Sunday, 2 March 2008

Cultural Natural Selection

An interesting paper by Rogers and Ehrlich, titled Natural selection and cultural rates of change, published in a recent edition of PNAS, has brought my attention to the issue if some principles of the Darwinian evolutionary theory might be applicable to cultural transmission. The findings document the intuitive reasoning that it should be so.

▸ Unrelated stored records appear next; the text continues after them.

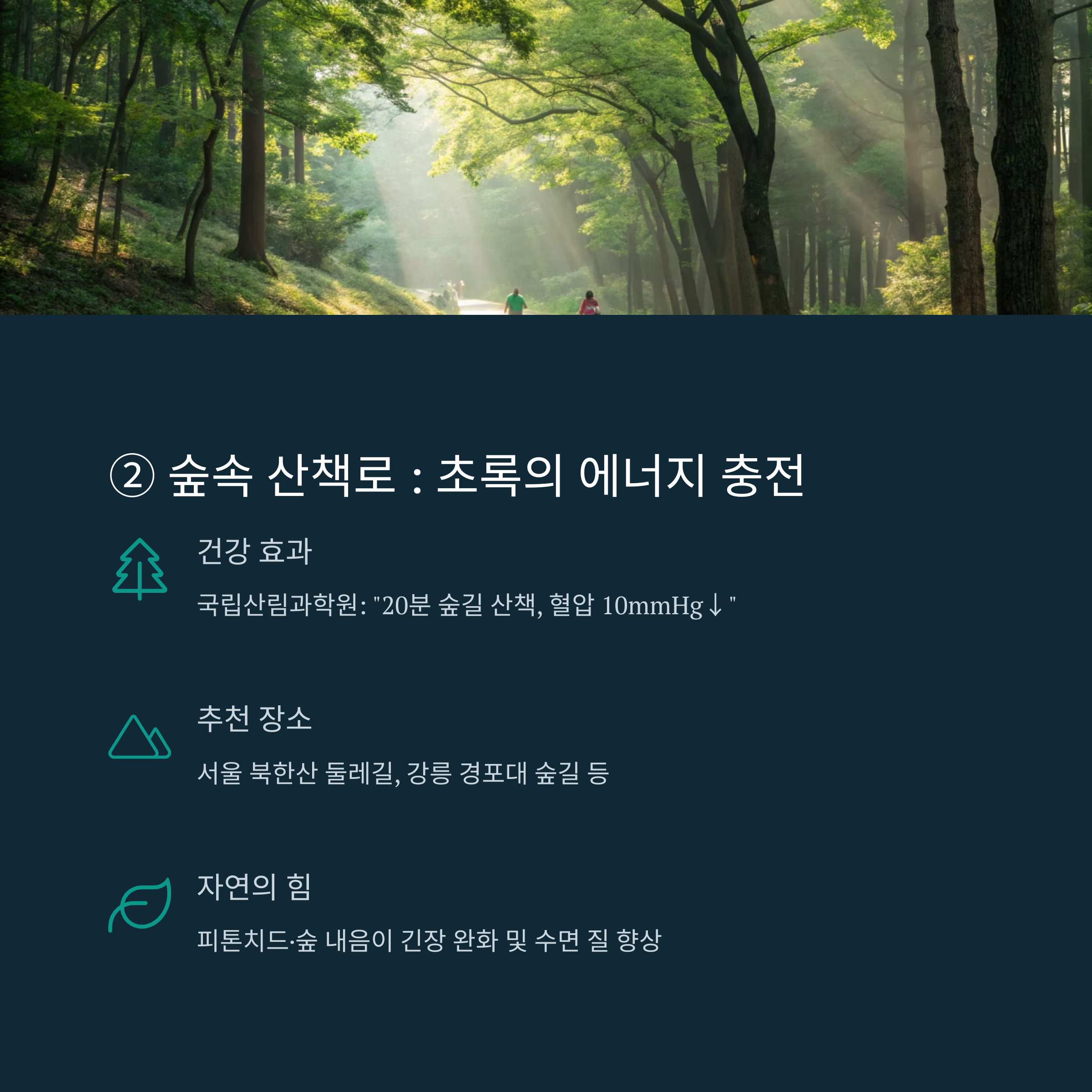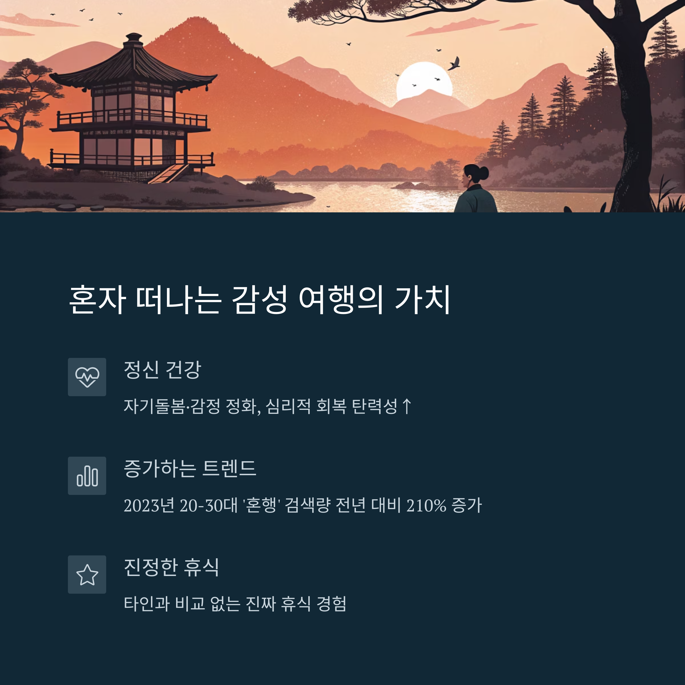 | 마음 치유 여행 | 자연과 감성 속에서 마음을 치유하는 여정입니다. |
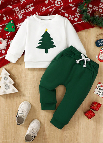 Різдвяний комплект зі світшота та штанів для хлопчиків. Він доступний у біло-зеленому кольорі. Тканина має невелику еластичність.
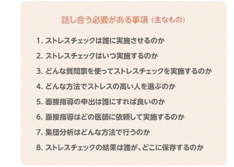 会社の衛生委員会等で、ストレスチェック制度の実施方法などを話し合いましょう。
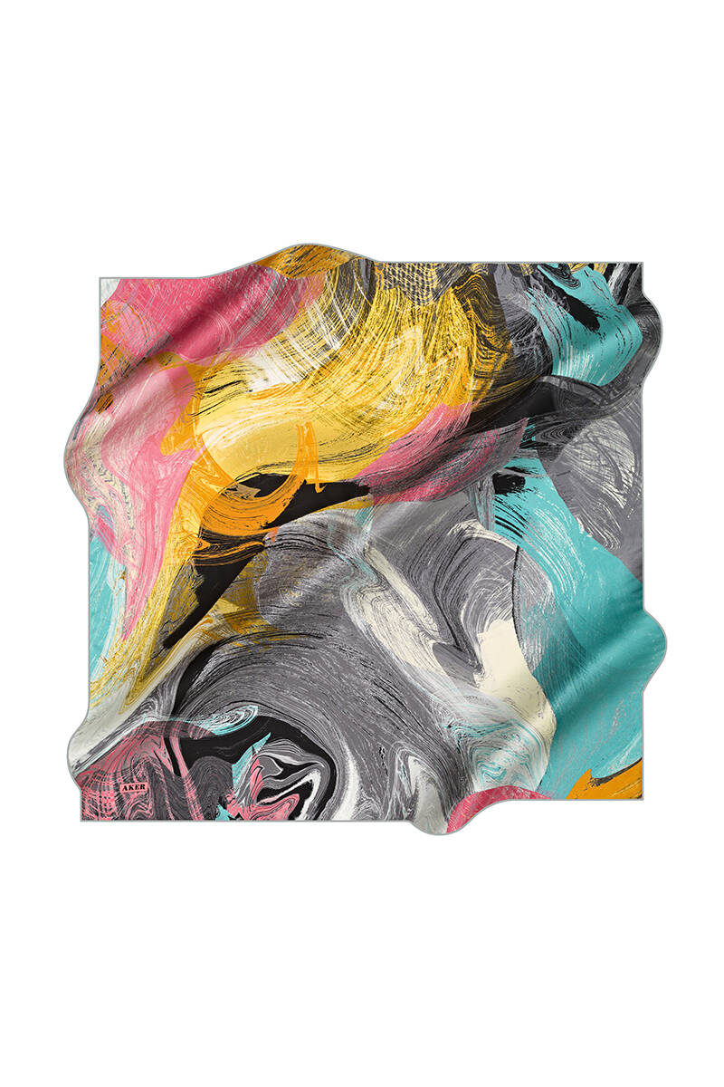 Logo Desenli 90X90 İpek Krep Saten Eşarp

It has been claimed that a meaningful theory of cultural evolution
is not possible because human beliefs and behaviors do not follow
predictable patterns. However, theoretical models of cultural
transmission and observations of the development of societies
suggest that patterns in cultural evolution do occur. Here, we
analyze whether two sets of related cultural traits, one tested
against the environment and the other not, evolve at different
rates in the same populations. Using functional and symbolic
design features for Polynesian canoes, we show that natural
selection apparently slows the evolution of functional structures,
whereas symbolic designs differentiate more rapidly. This finding
indicates that cultural change, like genetic evolution, can follow
theoretically derived patterns.

Of course the mechanisms of change are different: in place of biological mutations we have innovation and cultural drift. But the stabilizing (or destabilizing) effects of selection on those traits that have strong link with reality which may influence the survivability of individuals and societies (canoe design, but also obviously, building design, food preparation etc.) are the same in mechanisms in biology and cultural change. The difference between the observed rates of change in functional and decorative design elements of canoes provide not only beautiful observational example of such differentiating process in action, but also are reminiscent of the `Spandrels of San Marco' discussion. Is it possible that a functional (i.e. selective) element in canoe design could come from a decorative change?
What was the origin of the high bows of the Viking boats? Was it technical/functional when conceived? I guess that yes, but perhaps there is more to the story?

In any case, this is a short but quite interesting paper.